A 400-foot section of the Leo Frigo Bridge, which carries I-43 over the Fox River in Wisconsin, has developed a sudden sag, according to a CNN report.
The sag is apparently caused by one of the support piers holding up the section sinking 2 feet further into the ground. The bridge, which carries an average of 40,000 cars per day, is closed indefinitely.
I can't say if this is a further sign of the crumbling infrastructure of this country. After all, this bridge is relatively new (it was built in 1980), and it was inspected and pronounced safe last year. On the other hand, while I do not claim to know anything about bridge inspection, it can't be easy to thoroughly inspect a 1.5 mile long, 80-foot wide, 200-foot high interstate highway bridge. It's certainly something you can't do quickly, not if you want to do it right.
Couple this with the fact that there are over 600,000 bridges in the United States, and you see what an almost impossible task it is to thoroughly inspect every bridge.

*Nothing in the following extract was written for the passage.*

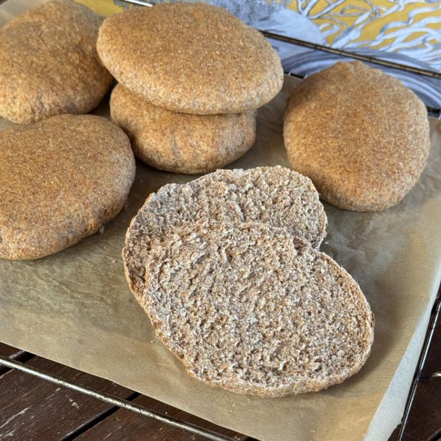 5️⃣Con la ayuda de un rodillo aplastamos las bolitas dándole forma de mollete y colocamos en una bandeja de horno dejando un poco de separación entre ellos. Tapamos y volvemos a dejar fermentar una hora.

We are facing a crossroads in this country. Nearly 15 percent of those 600,000+ bridges are currently listed as either "Structurally Deficient" or "Fracture Critical", or, in thousands of those cases, both. Our electrical grid is so antiquated that something as simple as an overgrown tree can cause a blackout that darkened a quarter of the country, including its most populous city, for hours. And right here in my city of Toledo, a more than a century old sewer and water system is fraught with leaks that two months ago opened a sinkhole that swallowed a car and could have easily killed its driver - by drowning her!

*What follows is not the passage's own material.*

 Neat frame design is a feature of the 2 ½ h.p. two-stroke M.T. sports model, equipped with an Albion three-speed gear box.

Any number of solutions have been proposed to fix this multitude of problems. But these all require Government spending, which requires tax money, which requires raising taxes, which, in our current political climate, is about as likely to happen as John Boehner French-kissing Nancy Pelosi on the steps of the Capitol while simultaneously signing a pledge to never again accept a campaign contribution from any business or corporate interest or from anyone who makes more than $50,000 a year.
Okay, maybe I rode that metaphor right off the rails, but you get the idea.